Key Points
Emerging Modes of Business
Definition of e-Business
e-Business refers to the conduct of industry, trade, and commerce using computer networks. It is a broad term that covers all business functions conducted electronically.
e-Business versus e-Commerce
e-Commerce is a part of e-business, covering a firm's online interactions with customers and suppliers like buying and selling. e-Business is a wider term that also includes internal electronic processes like production, finance, and inventory management.
Scope of e-Business: B2B Commerce
B2B (Business-to-Business) commerce involves electronic transactions between two or more business firms. This includes activities like a manufacturer purchasing raw materials from a supplier online.
Scope of e-Business: B2C Commerce
B2C (Business-to-Customer) commerce involves transactions between a business firm and its customers. Online shopping is the most common example of B2C commerce.
Scope of e-Business: Intra-B Commerce
Intra-B commerce refers to transactions and interactions occurring electronically within a single business firm. It facilitates communication between various departments, such as marketing and production, using the firm's internal network (intranet).
Scope of e-Business: C2C Commerce
C2C (Customer-to-Customer) commerce involves business transactions originating from and destined for consumers. This is common for goods without an established market, such as used books, facilitated by platforms like eBay.

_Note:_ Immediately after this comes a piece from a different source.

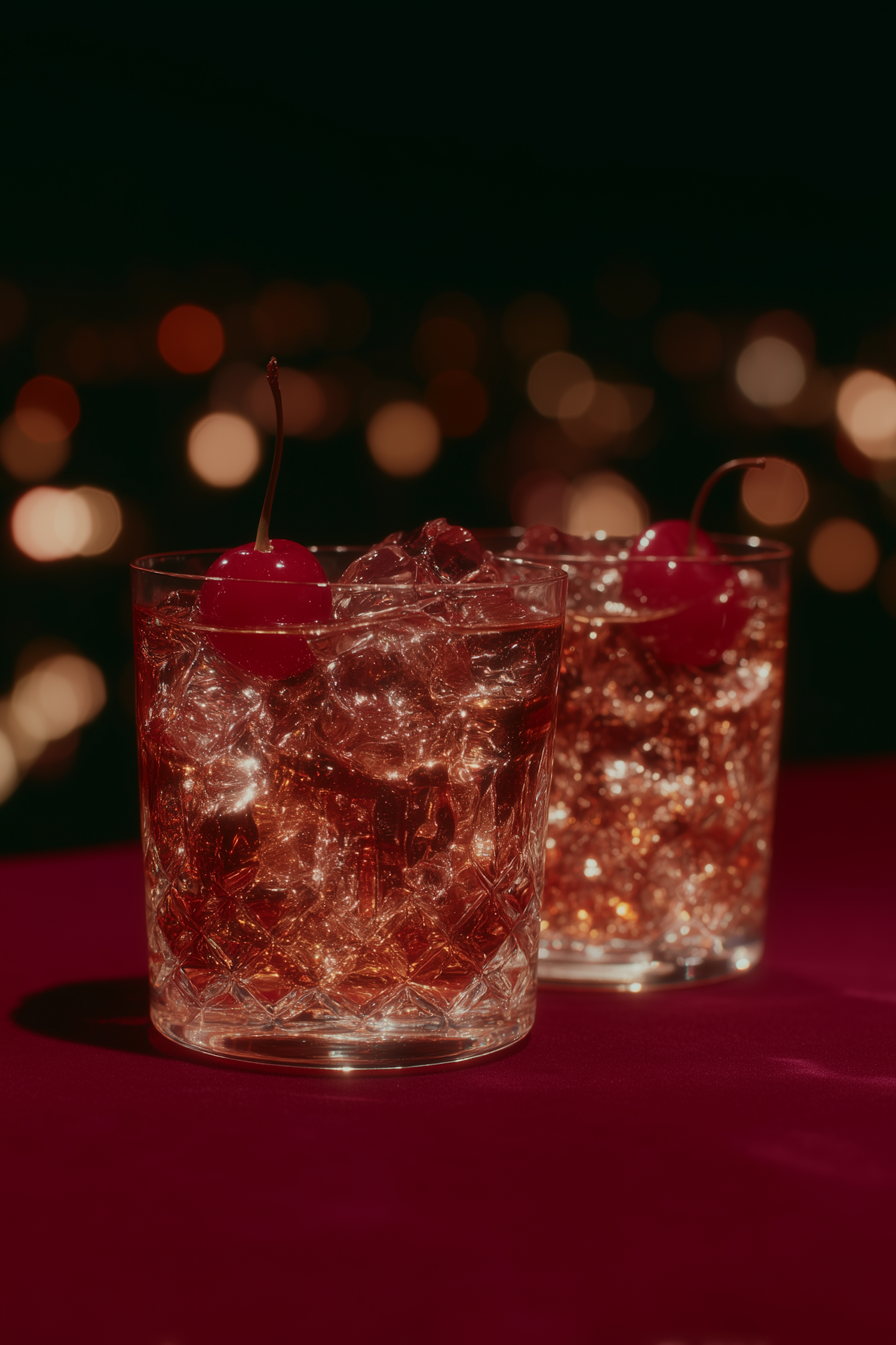 Two crystal glasses with a golden drink and cherries on a red table, set against a dark background with warm, blurred lights.

Key Benefits of e-Business
The main benefits of e-business include ease of formation, lower investment requirements, 24/7 convenience, high speed of transactions, global reach, and a reduction in paperwork.
Limitations of e-Business
e-Business has limitations such as a low degree of personal touch, a mismatch between order placement and physical delivery speed, the need for technological competence (digital divide), and increased risks from anonymity.

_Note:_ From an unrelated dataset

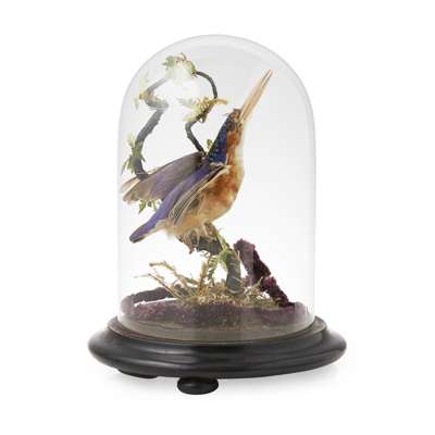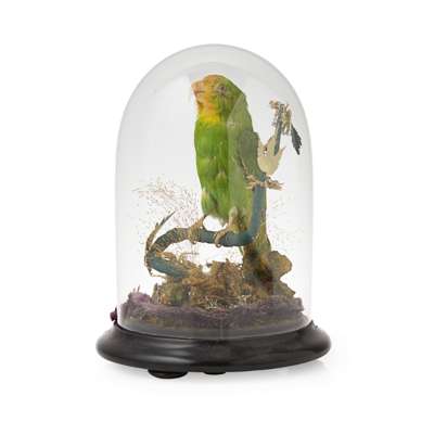comprising a kingfisher and a lovebird, each on branchwork and ebonised stands covered by small glass domes

Distinction from Traditional Business
Unlike traditional business, e-business does not require a physical presence, has lower setup costs, and allows for direct contact with customers. Traditional business often involves intermediaries and has a hierarchical communication structure.
Process of Online Transactions
Online transactions typically involve three stages: first, registration with the vendor; second, placing an order by adding items to a shopping cart and checking out; and third, making payment through various mechanisms.
Online Payment Mechanisms
Payment for online purchases can be made through methods like Cash-on-Delivery (CoD), cheque, net-banking transfer, credit or debit cards, and digital cash.
e-Business Security: Transaction Risks
Transaction risks involve default on order taking, delivery, or payment, where either the buyer or seller denies their part of the transaction. Identity verification and secure payment gateways help mitigate these risks.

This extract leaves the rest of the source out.